:: Work task ::
Copy nothing but the lines below, from the one with "薪资方面预计英国雇主在202" through the one with "クラシカルな巾着デザインのポ", exactly as written; no pictures should appear.

:: Data provided ::
%%

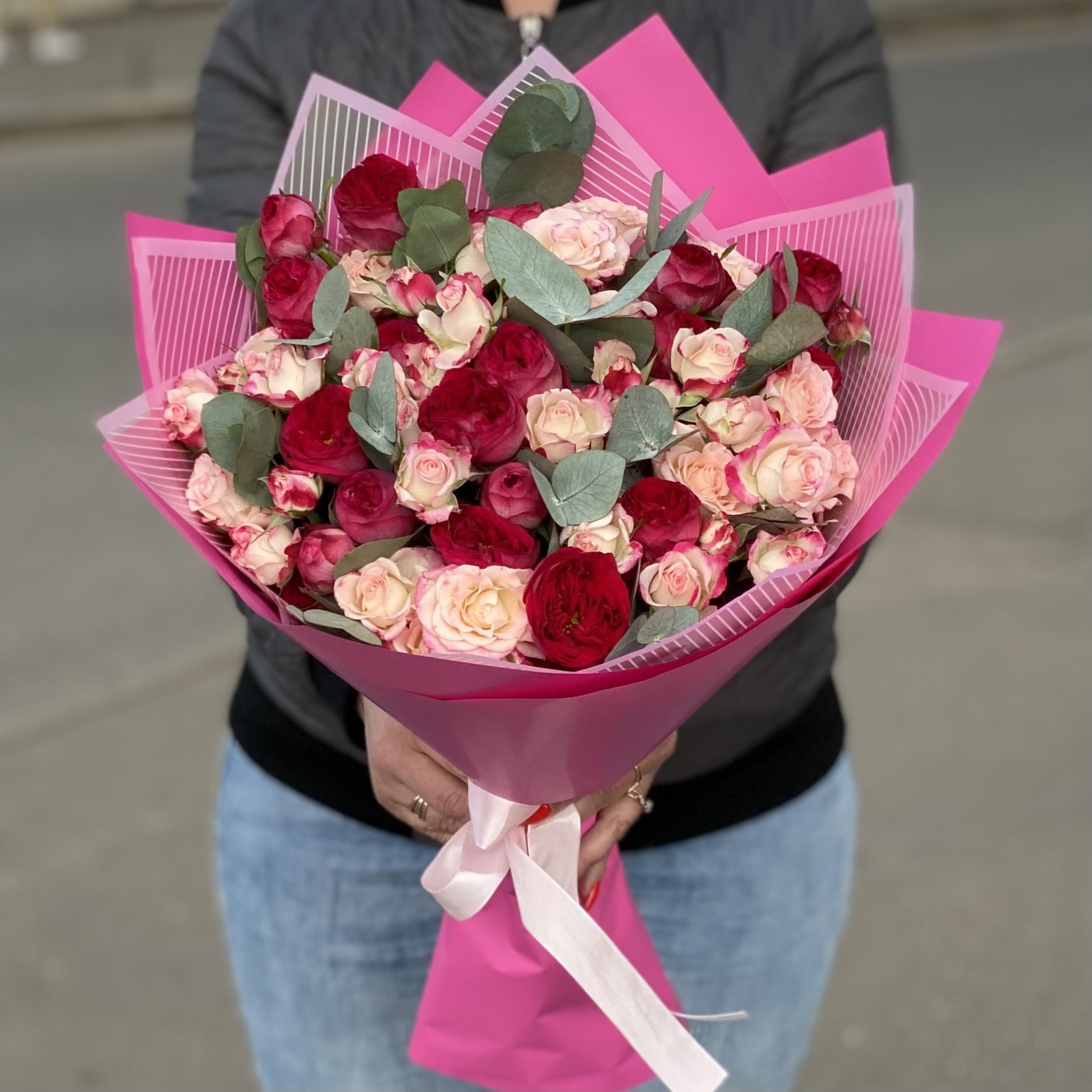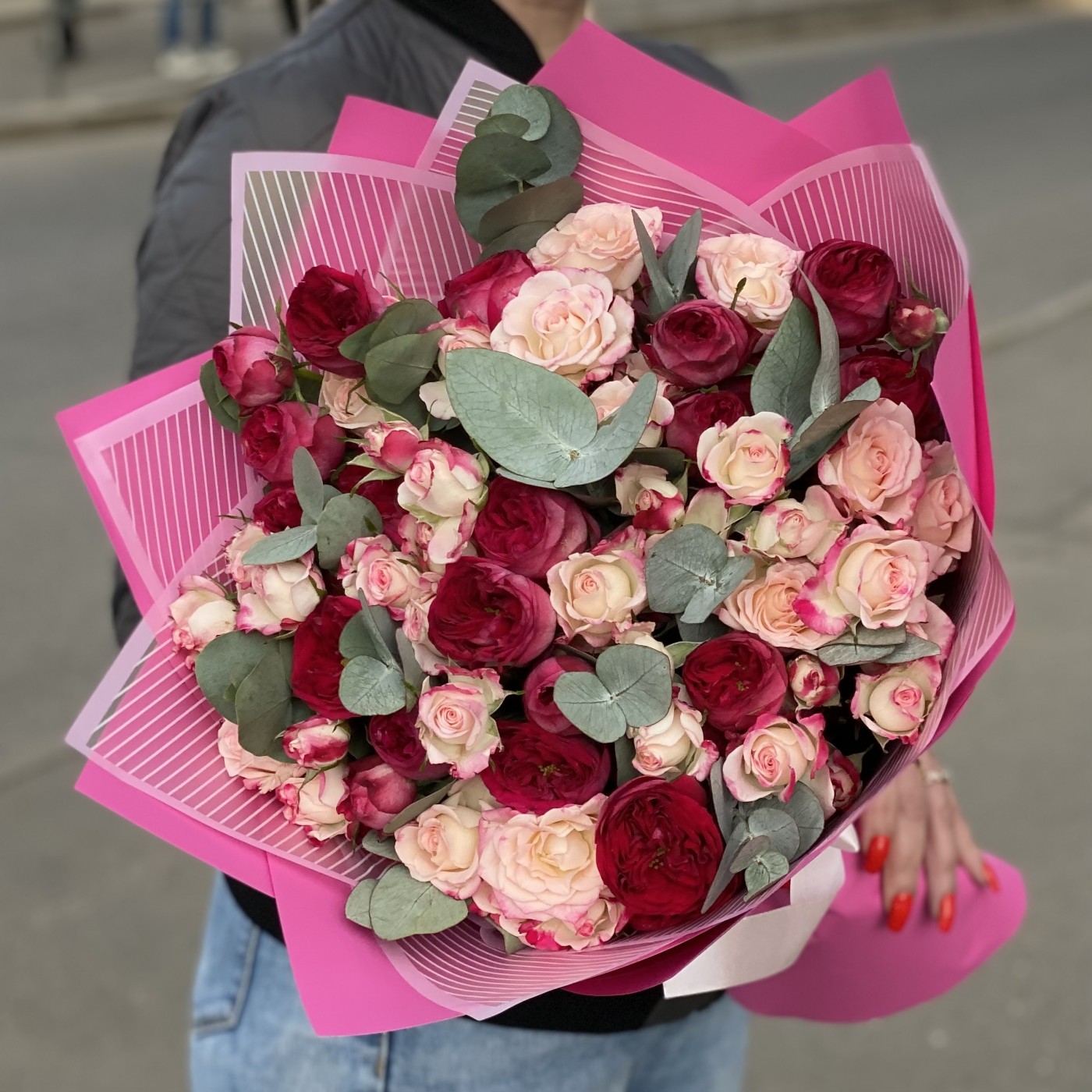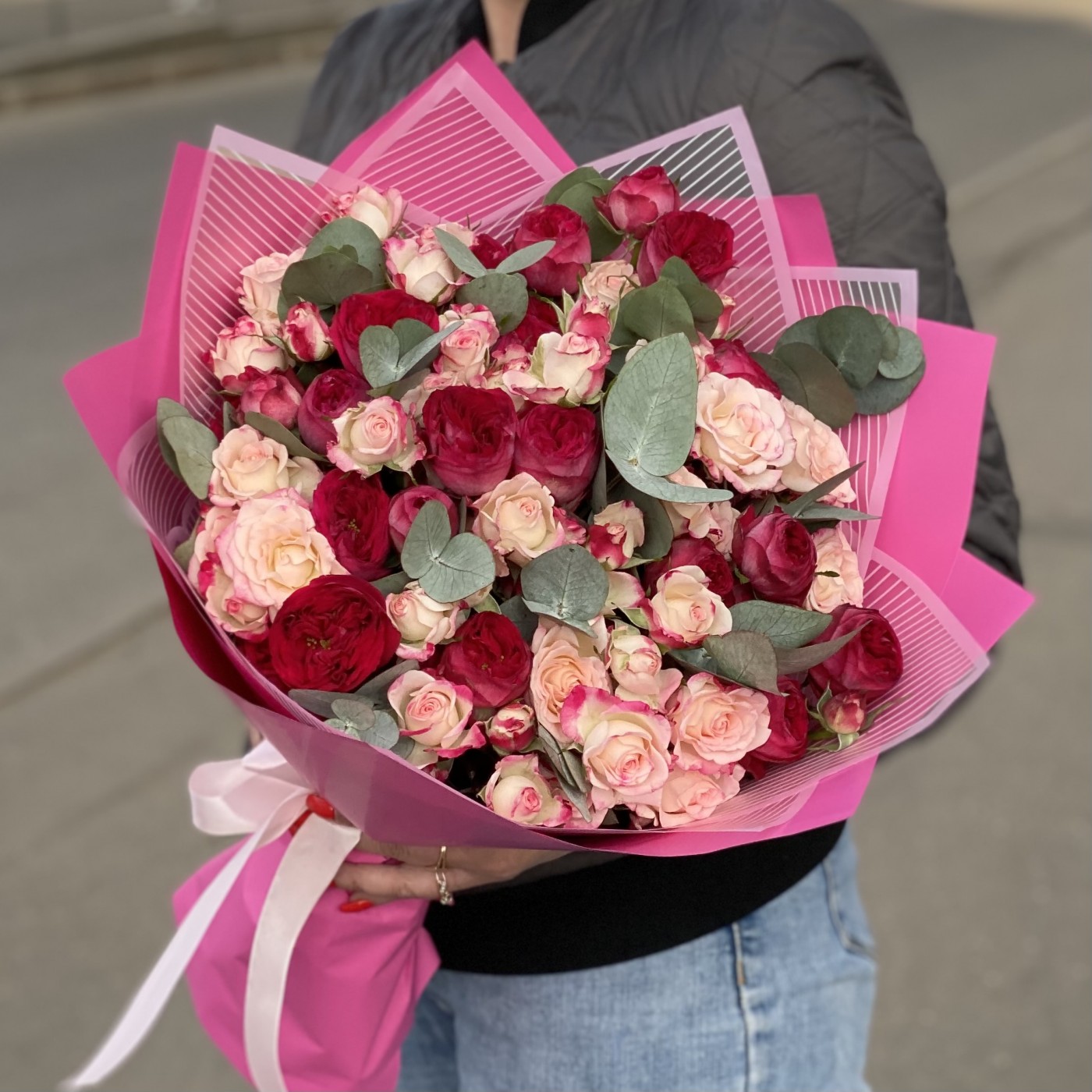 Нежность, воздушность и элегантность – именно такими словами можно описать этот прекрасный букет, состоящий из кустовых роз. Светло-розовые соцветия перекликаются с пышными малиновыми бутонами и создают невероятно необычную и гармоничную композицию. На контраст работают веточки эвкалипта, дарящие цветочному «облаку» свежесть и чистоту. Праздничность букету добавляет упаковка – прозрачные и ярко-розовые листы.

%%
%%

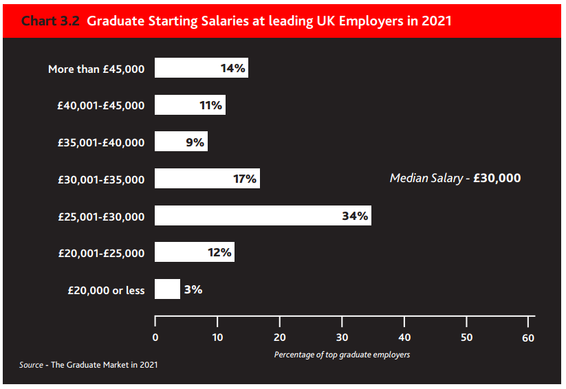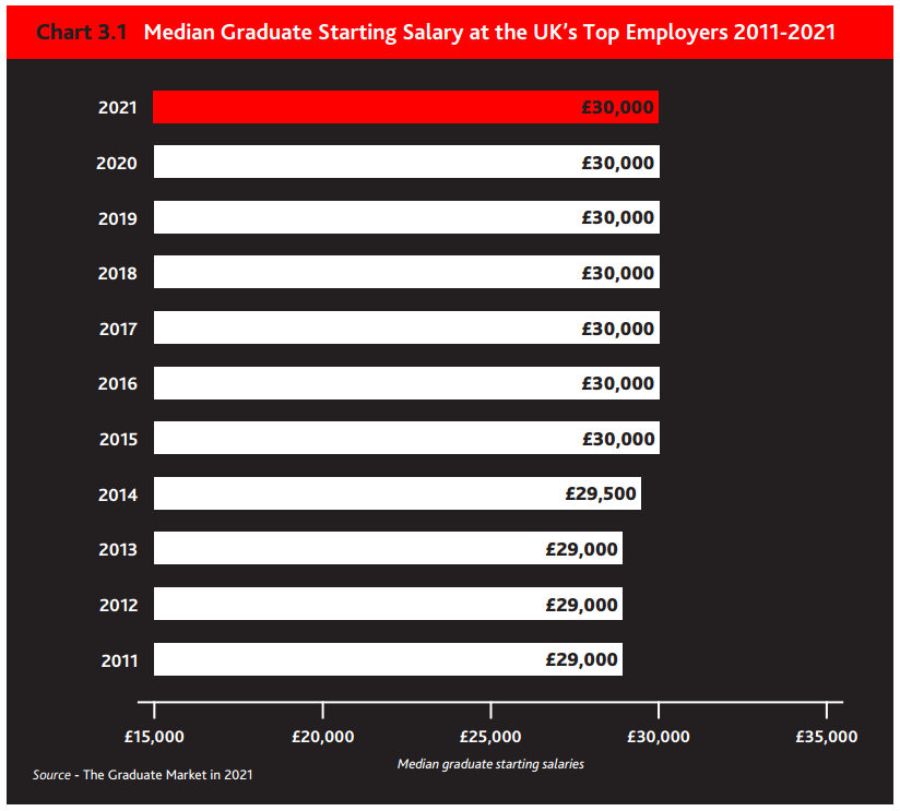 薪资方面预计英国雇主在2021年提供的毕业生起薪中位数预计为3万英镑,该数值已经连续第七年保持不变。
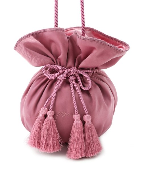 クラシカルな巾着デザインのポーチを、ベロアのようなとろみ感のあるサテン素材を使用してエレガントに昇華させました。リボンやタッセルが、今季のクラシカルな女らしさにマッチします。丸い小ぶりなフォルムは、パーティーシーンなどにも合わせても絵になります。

%%

:: Exercise result ::
 薪资方面预计英国雇主在2021年提供的毕业生起薪中位数预计为3万英镑,该数值已经连续第七年保持不变。
 クラシカルな巾着デザインのポーチを、ベロアのようなとろみ感のあるサテン素材を使用してエレガントに昇華させました。リボンやタッセルが、今季のクラシカルな女らしさにマッチします。丸い小ぶりなフォルムは、パーティーシーンなどにも合わせても絵になります。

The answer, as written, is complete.